▸ **Task objective**:
The reply should consist solely of the lines from the one with "- Long durability: square" through the final line of the listing, copied exactly, with no pictures.

▸ **The data**:
================================

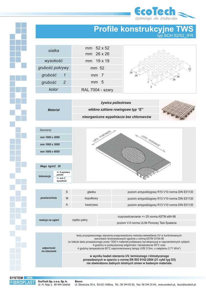 Profile konstrukcyjne TWS typ SCH 52/52_IFR siatka mm 52 x 52 mm 26 x 26 wysokoœæ mm 19 x 19 gruboœæ pokrywy mm 52 gruboœæ 1 mm 7 gruboœæ 2 mm 5 kolor RAL 7004 - szary ¿ywica poliestrowa w³ókno szklane rowingowe typ “E” Materia³ nieorganiczne wype³niacze bez chlorowców Standardy mm 1000 x 2000 mm 1000 x 3000 mm 1000 x 4050 Waga kg/m2 26 tolerancja +/- 5 wymiaru panela +/- mm 2 wysokoœæ powierzchnia S g³adka poziom antypoœlizgowy R10 V10 norma DIN E51130 M kopu³kowy poziom antypoœlizgowy R13 V10 norma DIN E51130 A kwarcowa poziom antypoœlizgowy R13 V10 norma DIN E51130 rozprzestrzenianie <= 25 norma ASTM e84-98 ciê¿ko palny reakcja na ogieñ odpornoœæ na starzenie poziom V-0 norma UL94 Pionowy Test Spalania testy przyspieszonego starzenia przeprowadzono metod¹ naœwietlania UV w kontrolowanych warunkach œrodowiskowych zgodnie z norm¹ ASTM G154-06 (w trakcie testu prowadzonego przez 1500 h materia³ poddawany by³ ekspozycji w naprzemiennych cyklach: 4 godziny w podwy¿szonej wilgotnoœci i temperaturze 50OC oraz 4 godziny temperaturze 60OC napromieniowany lamp¹ UVB 313nn, o natê¿eniu 0,71 W/m2) w wyniku badañ starzenia UV, termicznego i klimatycznego prowadzonych w oparciu o normê EN ISO 9142:2004 (21 cykli typ D3) nie stwierdzono ¿adnych istotnych zmian w badanym materiale. EcoTech Sp. z o.o. Sp. k. Ul. M. Reja 3, 80-404 Gdañsk Biuro: Ul. S³oneczna 39 A, 83-021 Wiœlina, Tel.: 58 344 83 83, Fax: 58 344 25 04, www.ecotech.pl, [email protected] MAKSYMALNE DOPUSZCZALNE MASY Typ podpory ci¹g³a - na dwóch przeciwleg³ych krawêdziach panela Granice wyznaczone przez Ugiêcie (pod wp³ywem obci¹¿enia) maksymalne dopuszczalne ugiêcie wynosi 1/100 dystansu pomiêdzy podporami Obci¹¿enie równomiernie roz³o¿one Obci¹¿enie liniowe Odleg³oœæ miêdzy podporami [cm] Masa z odchylenie równym 1/100 [kg/m2] Odleg³oœæ miêdzy podporami [cm] Masa z odchyleniem równym 1/100 [kg/m] 50 3350 50 1450 70 1550 70 850 90 850 90 600 110 500 110 400 Granice wyznaczone przez Dopuszczalne naprê¿enia (powodowane przez obci¹¿enie) maxymalne dopuszczalne naprê¿enie wynosi 1/5 naprê¿enia ³ami¹cego (wspó³czynnik bezpieczeñstwa wynosi 5 - naprê¿enie ³ami¹ce to piêciokrotnoœæ okreœlonego obci¹¿enia) Obci¹¿enie równomiernie roz³o¿one Obci¹¿enie liniowe Odleg³oœæ miêdzy podporami [cm] Masa z odchylenie równym 1/100 [kg/m2] Odleg³oœæ miêdzy podporami [cm] Masa z odchyleniem równym 1/100 [kg/m] 50 5600 50 1950 70 3350 70 1500 90 2250 90 1250 110 1600 110 1050 Wszystkie mniejsze wagi s¹ dopuszczalne Informacje podane wy¿ej nale¿y czytaæ jako œredni¹ - wahania wartoœci mog¹ wynosi +/-15%. EcoTech Sp. z o.o. Sp. k. Ul. M. Reja 3, 80-404 Gdañsk Biuro: Ul. S³oneczna 39 A, 83-021 Wiœlina, Tel.: 58 344 83 83, Fax: 58 344 25 04, www.ecotech.pl, [email protected]
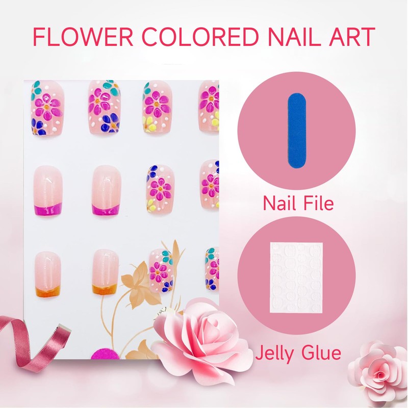 - Long durability: square press nails. Wear them for weeks or just a few days - you decide! You can use the included jelly stickers. However, if you want the flower artificial nails to last longer, you can use liquid nail paste to achieve a shelf life of 1 week.
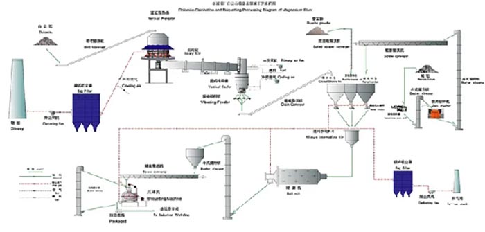 金屬鎂生產(chǎn)工藝流程介紹 http://www.segarahospitality.com/cpzs/1944.html 金屬鎂生產(chǎn)工藝流程概述:白云石由破碎機(jī)破碎合格的物料(30-40mm),用回轉(zhuǎn)窯燒結(jié),煅燒成煅白,經(jīng)冷卻機(jī)冷卻,再經(jīng)過球磨機(jī)磨成粉,再經(jīng)壓球機(jī)壓成球,經(jīng)破碎后與硅鐵粉(含硅75%)和螢石粉(含GaF2)=95%混合均勻制成團(tuán),裝入耐熱不銹鋼還原罐內(nèi),置于還原爐中,在1200-1250℃及真空的1.33Pa真空度下還原制取粗鎂,經(jīng)過溶劑精制、鑄錠、表面處理得到成品鎂錠。
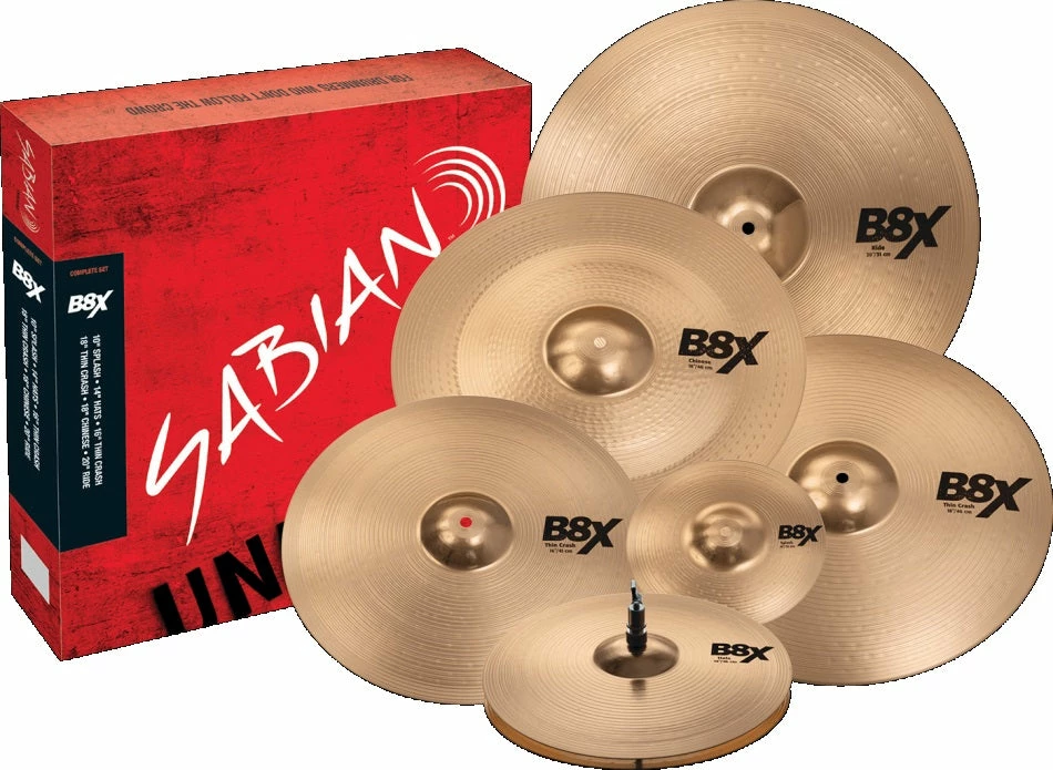 Sonically matched in the SABIAN Vault, the SABIAN B8X Complete Set includes a 10″ B8X Splash, 14″ B8X Hats, 16″ B8X T-Crash, 18″ B8X T-Crash, 18″ B8X Chinese and a 20″ B8X Ride. The perfect complete set for the discerning beginner ready to hit the stage. Precision formed, hammered and lathed for pure, tonally tight sounds, B8X is the bright, cutting sound of pure Bronze โฆ at a low price that makes your first move into this precious metal an easy one.

================================

▸ **Task solution**:
 - Long durability: square press nails. Wear them for weeks or just a few days - you decide! You can use the included jelly stickers. However, if you want the flower artificial nails to last longer, you can use liquid nail paste to achieve a shelf life of 1 week.
 金屬鎂生產(chǎn)工藝流程介紹 http://www.segarahospitality.com/cpzs/1944.html 金屬鎂生產(chǎn)工藝流程概述:白云石由破碎機(jī)破碎合格的物料(30-40mm),用回轉(zhuǎn)窯燒結(jié),煅燒成煅白,經(jīng)冷卻機(jī)冷卻,再經(jīng)過球磨機(jī)磨成粉,再經(jīng)壓球機(jī)壓成球,經(jīng)破碎后與硅鐵粉(含硅75%)和螢石粉(含GaF2)=95%混合均勻制成團(tuán),裝入耐熱不銹鋼還原罐內(nèi),置于還原爐中,在1200-1250℃及真空的1.33Pa真空度下還原制取粗鎂,經(jīng)過溶劑精制、鑄錠、表面處理得到成品鎂錠。
 Sonically matched in the SABIAN Vault, the SABIAN B8X Complete Set includes a 10″ B8X Splash, 14″ B8X Hats, 16″ B8X T-Crash, 18″ B8X T-Crash, 18″ B8X Chinese and a 20″ B8X Ride. The perfect complete set for the discerning beginner ready to hit the stage. Precision formed, hammered and lathed for pure, tonally tight sounds, B8X is the bright, cutting sound of pure Bronze โฆ at a low price that makes your first move into this precious metal an easy one.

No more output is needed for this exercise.